Here is a solution in Scala:
val matrix = """1 0.8802216 1.2277843 0.6875047
2 0.9381081 1.3189847 0.2046542
3 1.3245534 0.8221709 0.4630722
4 1.2006974 0.8890464 0.6710844
5 1.2344071 0.8354292 0.7259998
6 1.1670665 0.9214787 0.6826173
7 0.9670581 1.1070461 0.7742342
8 0.8867365 1.2160533 0.7024281
9 0.8235792 1.4424190 0.2030302
10 0.8821301 1.0541099 1.2279813
11 1.1958634 0.9708839 0.4297043
12 1.3542734 0.7747481 0.5119648
13 0.4385487 0.3588158 4.9167998
14 0.8530141 1.3578511 0.3698620
15 0.9651803 0.8426226 1.6132899
16 0.8854192 1.2272616 0.6715839
17 0.7779642 0.8132233 2.3386331
18 0.9936722 1.1629110 0.5083558
19 1.1235897 1.0018480 0.5764672
20 0.7887222 1.3101684 0.7373181
21 2.2276176 0.0000000 0.0000000"""
// split block of text into lines
val lines=matrix.split ("\n")
// split lines into words
val rows = lines.map (l => l.split (" \\+"))

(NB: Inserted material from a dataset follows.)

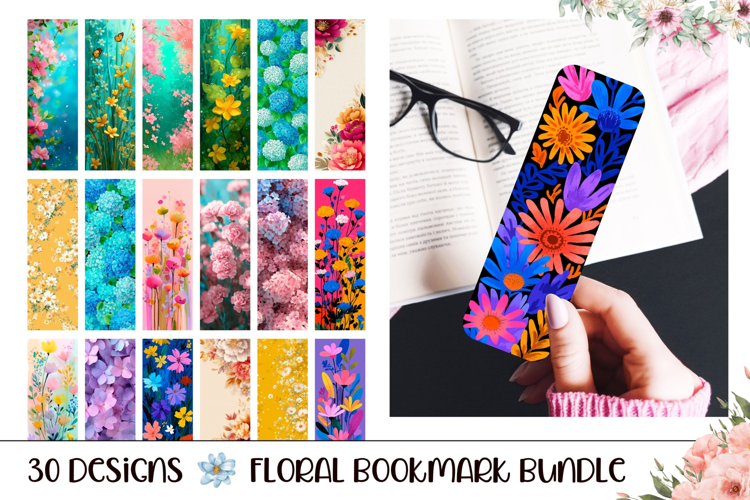 Floral Bookmark Sublimation Bundle. Colorful sublimation designs with gorgeous flowers.

// remove the index from the beginning (1, 2, ... 21) and
// transform values from Strings to double numbers
// triples is: Array(Array(0.8802216, 1.2277843, 0.6875047), Array(0.9381081, 1.3189847, 0.2046542),
val triples = rows.map (_.tail).map(triple=> triple.map (_.toDouble))

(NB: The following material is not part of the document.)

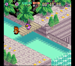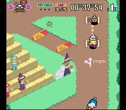 Despite the cutesy premise and pastel graphics, winning is not an easy task: the opponents are merciless, almost never make mistakes and often come out on top by using the items provided by squares on the ground. The player must learn strengths and weaknesses of the characters and the conformation of the various tracks (sometimes quite complex) to be victorious.

// generate an own index for the rows and columns
// elems is: elems: Array[Array[(Double, (Int, Int))]] = Array(Array((0.8802216,(0,0)), (1.2277843,(0,1)), (0.6875047,(0,2))), Array((0.9381081,(1,0)), ...
val elems = triples.zipWithIndex.map {t=> t._1.zipWithIndex.map (vc=> (vc._1 -> (t._2, vc._2)))}
// sorted = Array((0.0,(20,1)), (0.0,(20,2)), (0.2030302,(8,2)), (0.2046542,(1,2)),
val sorted = elems.sortBy (e => e._1)
// delta5 = List(0.3588158, 0.369862, 0.2266741, 0.2338945, 0.10425639999999997, 0.1384938,
val delta5 = sorted.sliding (5, 1).map (q => q(4)._1-q(0)._1).toList
val minindex = delta5.indexOf (delta5.min) // minindex: Int = 29, delta5.min = 0.008824799999999966
// we found the smallest intervall of 5 values beginning at 29:
(29 to 29 +5).map (sorted (_))
res568: scala.collection.immutable.IndexedSeq[(Double, (Int, Int))] =
Vector( (0.8802216,(0,0)),
(0.8821301,(9,0)),
(0.8854192,(15,0)),
(0.8867365,(7,0)),
(0.8890464,(3,1)),
(0.9214787,(5,1)))
Since Scala counts from 0 to 20 and 0 to 2, where your index runs from 1 to 3 and 1 to 21 respectively, you have to add (1,1) to each of the positions=> (1,1), (10,1), and so on.